>>>>>

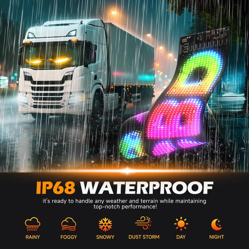 -IP68 Waterproof, The LED matrix adopts the epoxy water-proof technology, and a layer of colloidal resin is added on the face of the LED matrix to better protect the internal lamp beads, which not only increases the service life of the LED matrix, but also reaches IP68 waterproof.
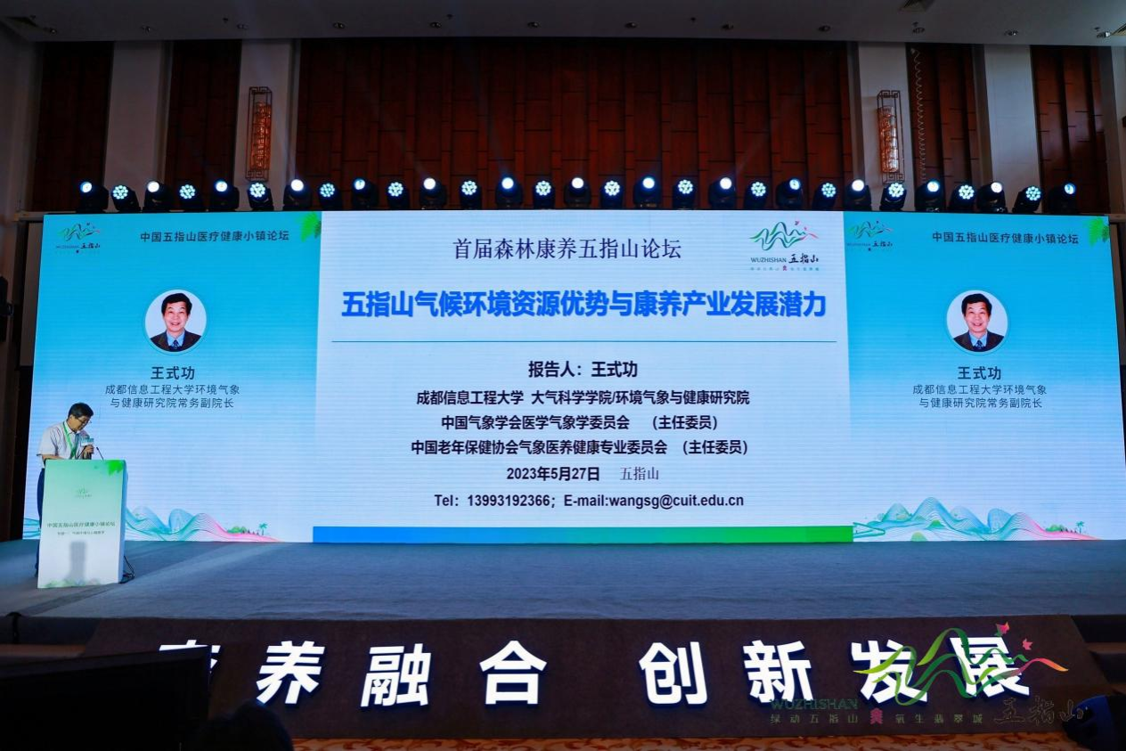 王式功教授应邀参加此次会议,并作《五指山气候环境资源优势与康养产业发展潜力》主题报告。在总结“天人合一、顺应自然”、适应气候变化养生理念的基础上,通过研究候鸟迁徙的气候养生方式,提出了新式的气候趋利候鸟式旅居康养理念;并结合气象、医学和生态学(人类气候生态位)相关理论,介绍了气候康养的科学内涵;最后基于五指山气候康养资源,分析了当地产业发展优势与潜力,得到与会领导、专家的充分肯定。
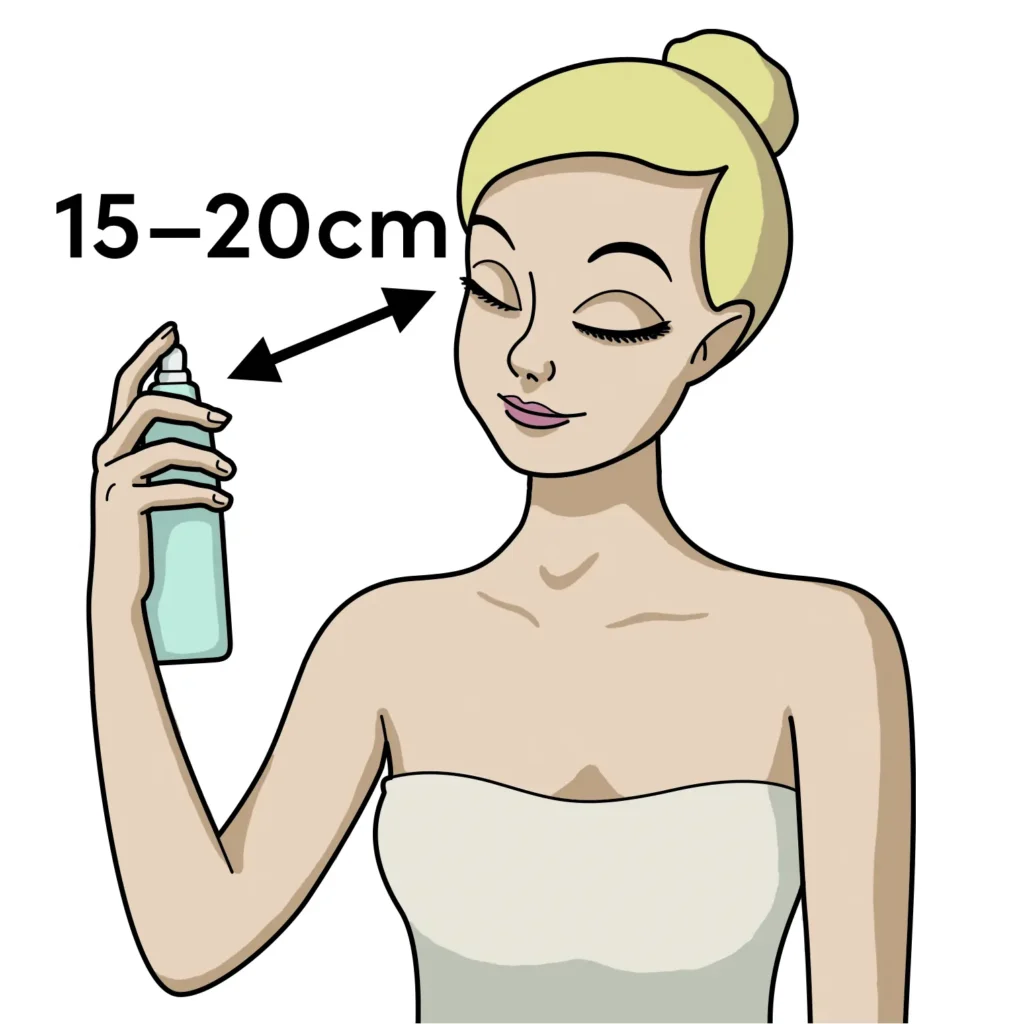 2. Hold the bottle 15–20 cm away from your face. Spray evenly across the skin, keeping eyes closed.

<<<<<

▶ _WHAT TO DO_:
Omit the pictures and write out exactly the lines from the one containing "王式功教授应邀参加此次会议,并作《五指山" through the last line of the material.

▶ _EXERCISE OUTPUT_:
 王式功教授应邀参加此次会议,并作《五指山气候环境资源优势与康养产业发展潜力》主题报告。在总结“天人合一、顺应自然”、适应气候变化养生理念的基础上,通过研究候鸟迁徙的气候养生方式,提出了新式的气候趋利候鸟式旅居康养理念;并结合气象、医学和生态学(人类气候生态位)相关理论,介绍了气候康养的科学内涵;最后基于五指山气候康养资源,分析了当地产业发展优势与潜力,得到与会领导、专家的充分肯定。
 2. Hold the bottle 15–20 cm away from your face. Spray evenly across the skin, keeping eyes closed.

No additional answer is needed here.